Food Production short story by Iris Carden
The food we grow is more important now. Things on Earth are bad. Throughout the 2020s national governments on Earth did their best (or most of them did) to curb climate change. I guess they prevented the worst, but it was too late to prevent all of the effects. Fire, flood and drought have just become more and more frequent.
Earth is still able to export some food, but it’s not producing nearly enough to feed the Earth’s population, the Moon’s population and us. Mars Corp forgave us our loans, and gave us an ongoing subsidy for our farming, and offered us paid time off our regular jobs to work on the farm. We still get to keep the profits to either invest in the farm or to actually take as a reward for our investment.
On top of that, Mars Corp is allowing other staff paid time off their regular jobs, and the loan of whatever other resources we need to scale up production so we can provide the bulk of the food needed here.
At first we were afraid Mars Corp was trying to take us over, but we’ve got a secure agreement that it’s still our business, but as part of their responsibility for the well-being of the people they’ve moved here, they’re going to assist with resources.

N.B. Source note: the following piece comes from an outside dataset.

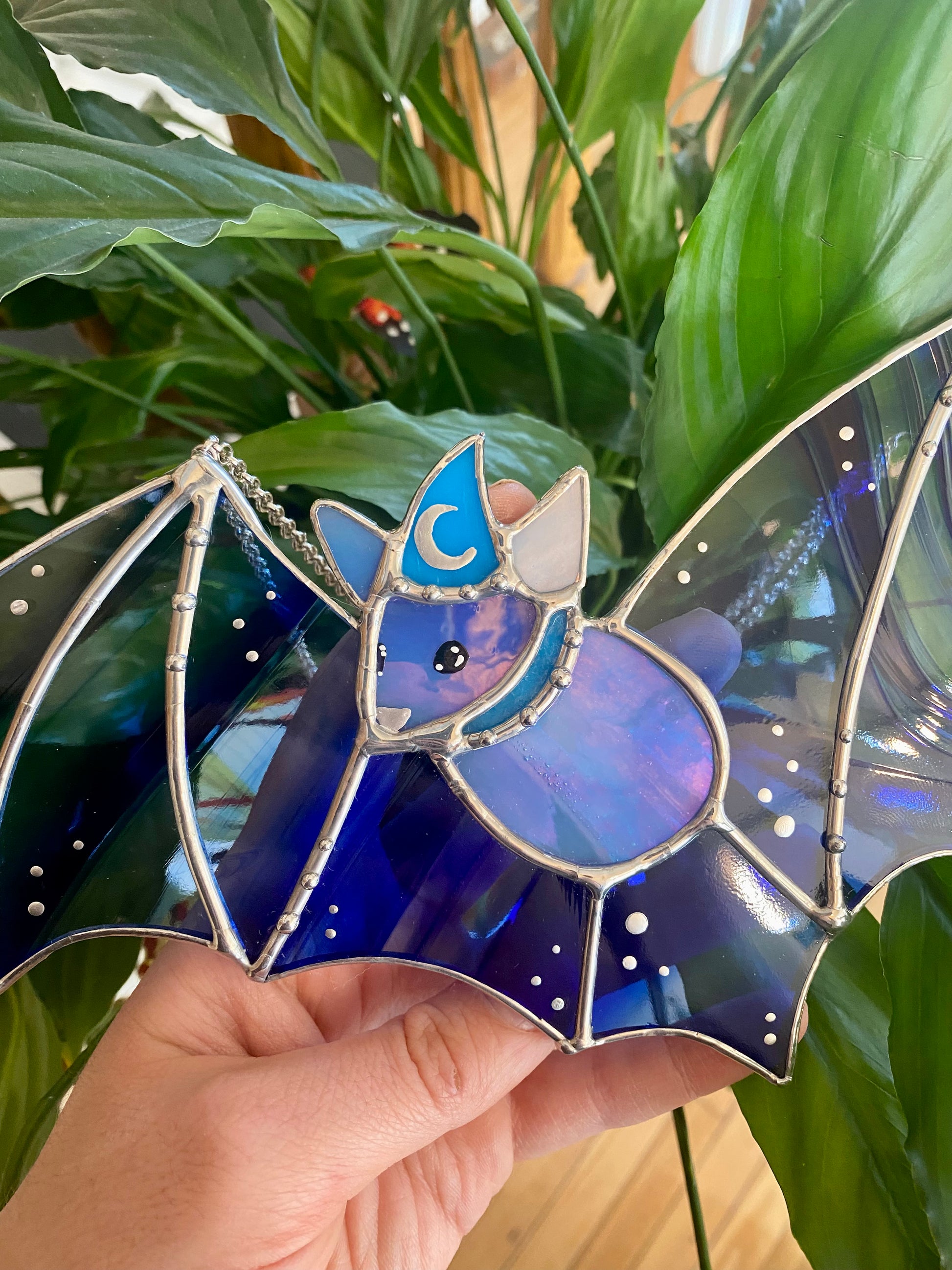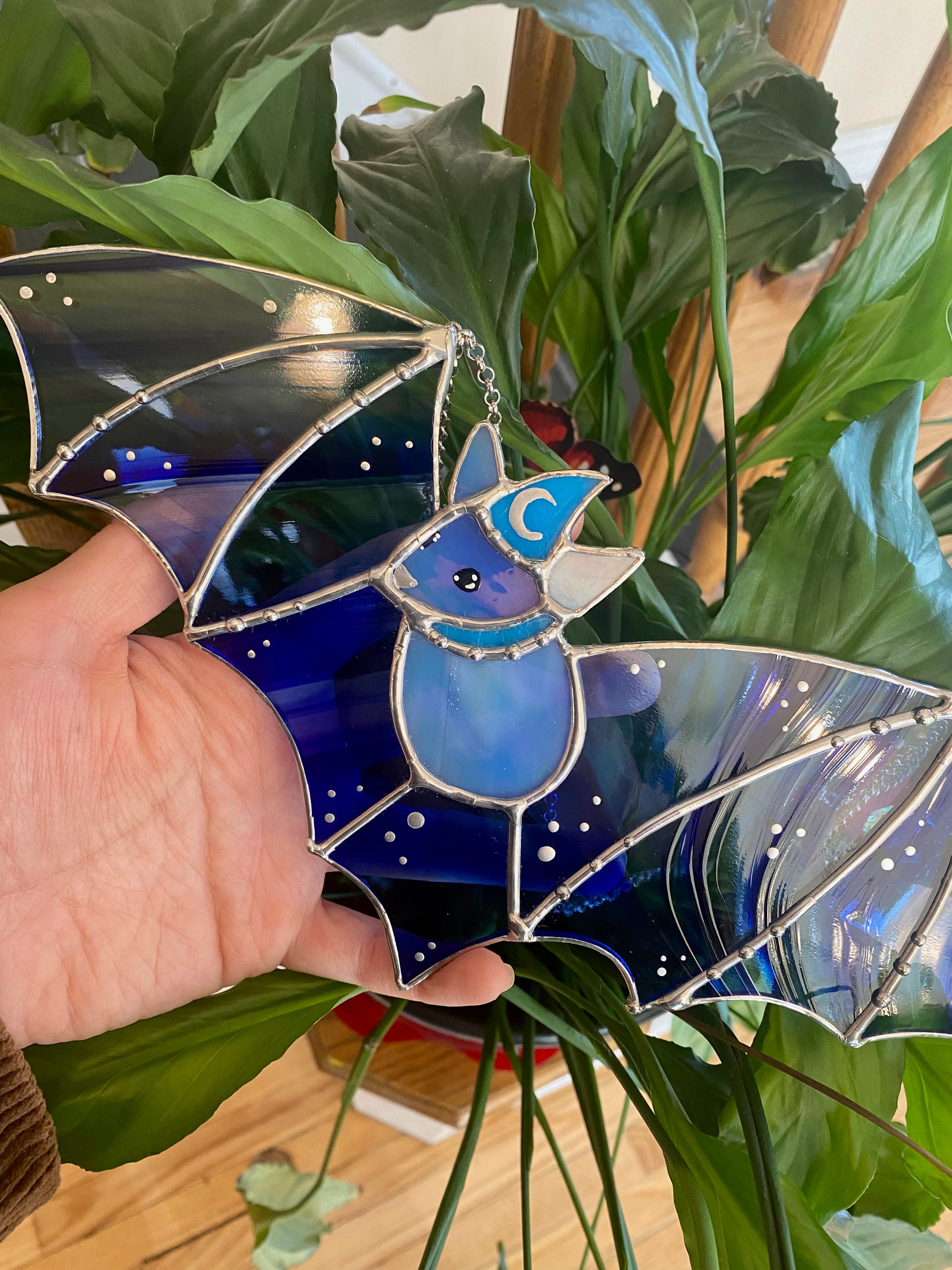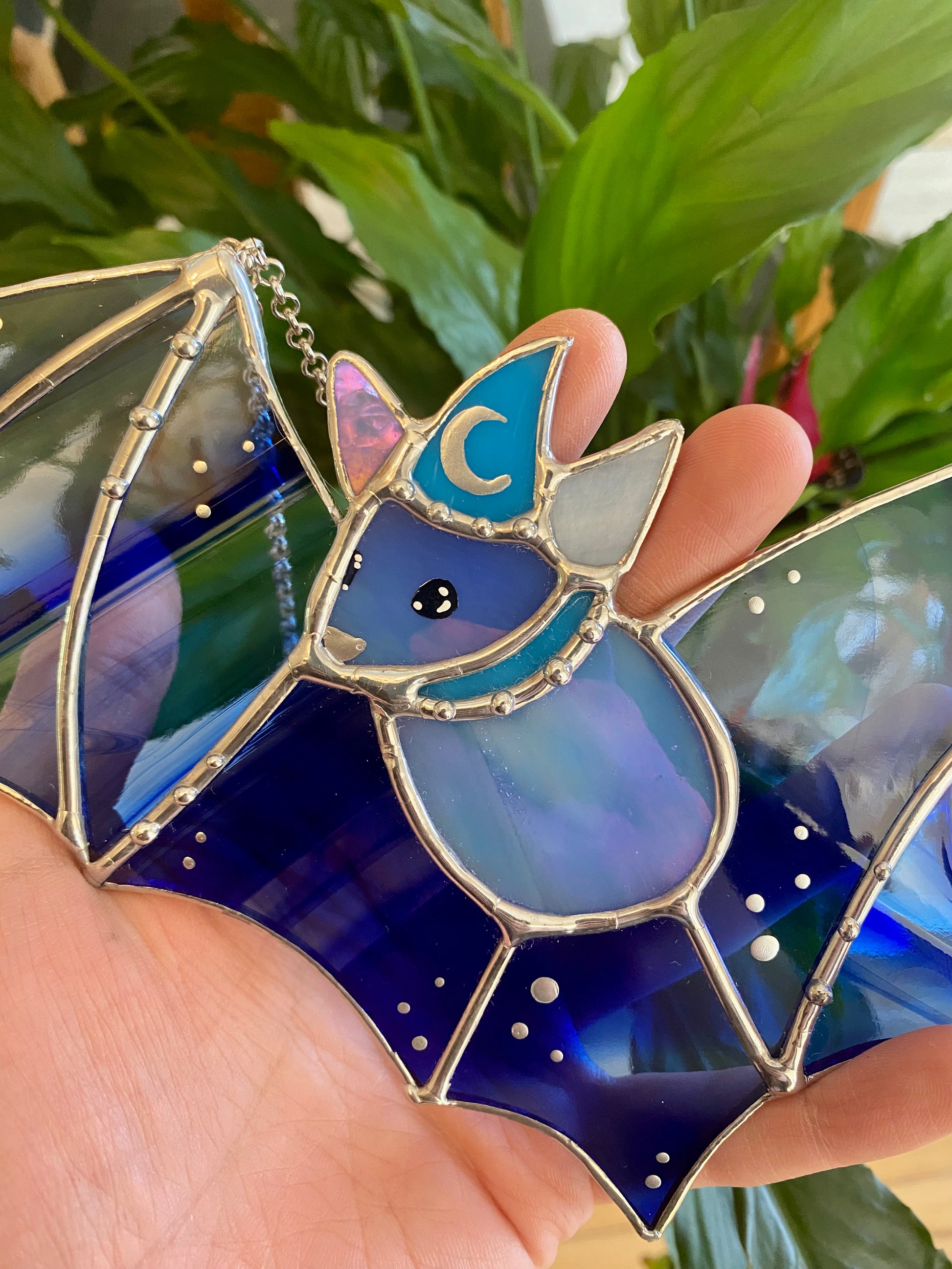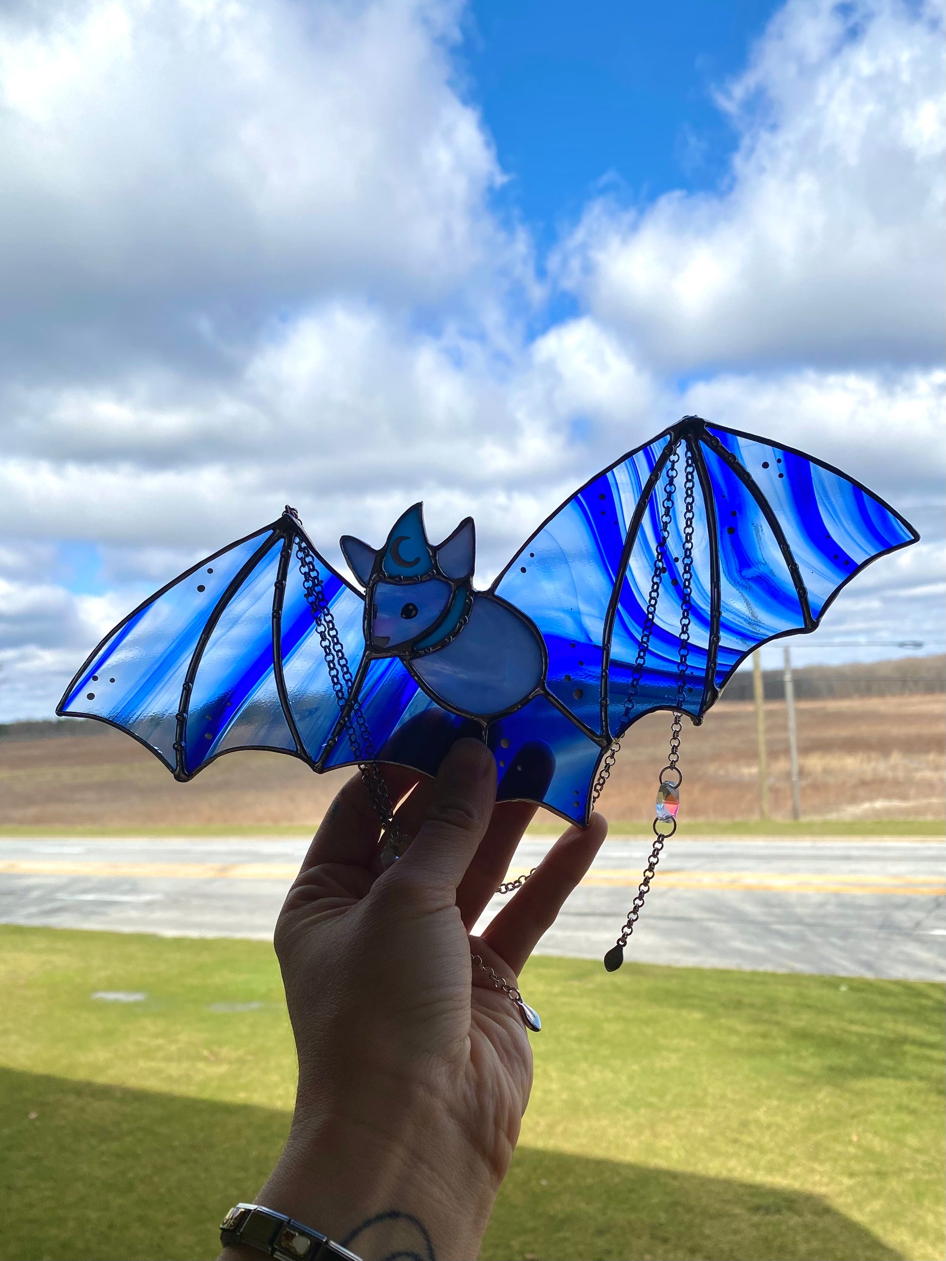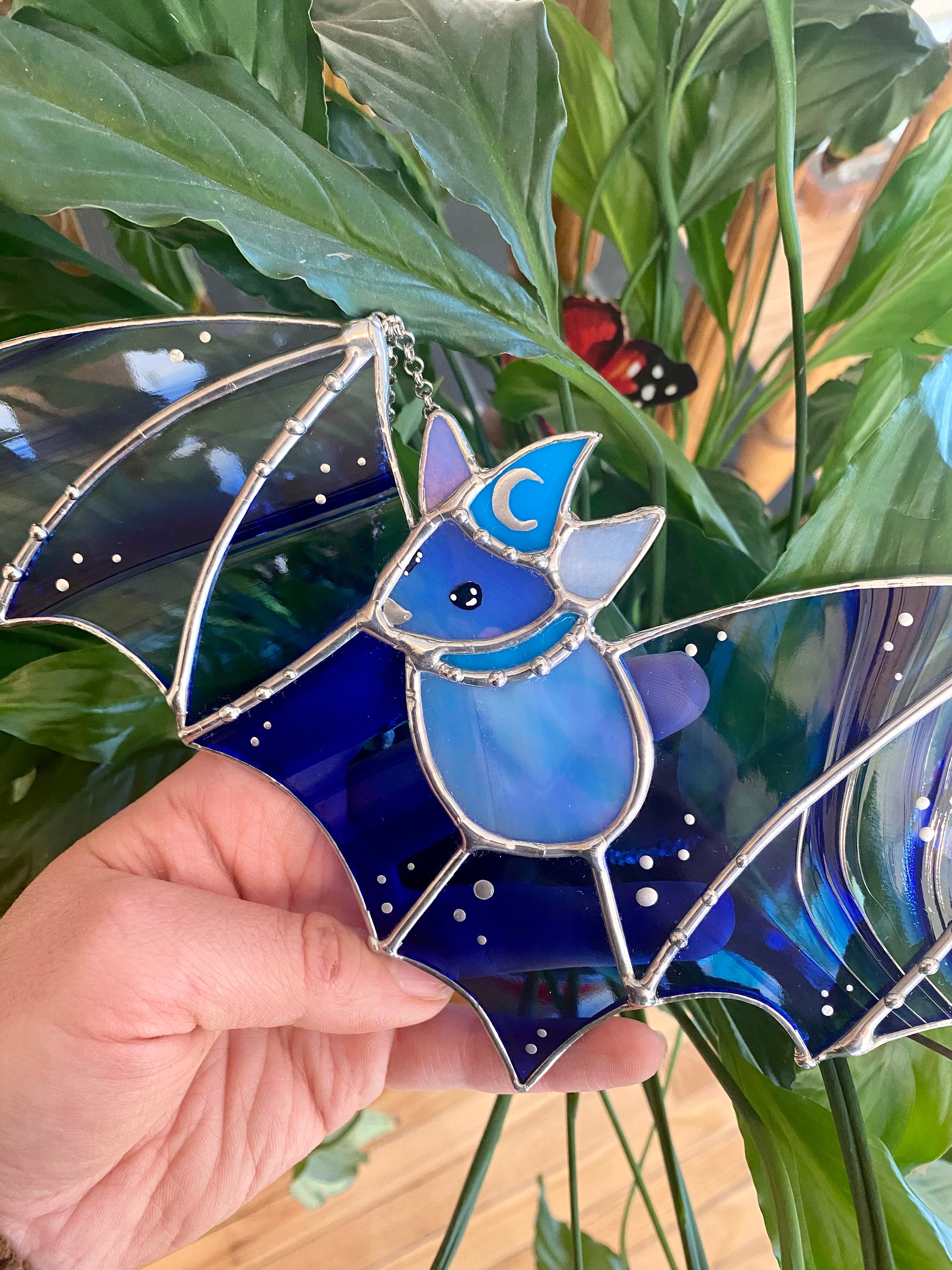 Blue Swirl Wizard Bat Stained Glass Suncatcher

That gave us the boost we needed, that and Sarah solving the regolith problem. For each new greenhouse, we have Mars Corp staff dig out regolith to about two metres deep and the entire area of the greenhouse to two metres around the perimeter. Then, it’s processed, using the same equipment that’s used to process ore, to remove the minerals which are dangerous to food growing. It’s then replaced and the greenhouse is built over it, with Mars Corp staff providing the work for the build. These new greenhouses are so much bigger than the first one we built, with Mars Corp engineers all offering (since their time is paid anyway) to build us better greenhouses.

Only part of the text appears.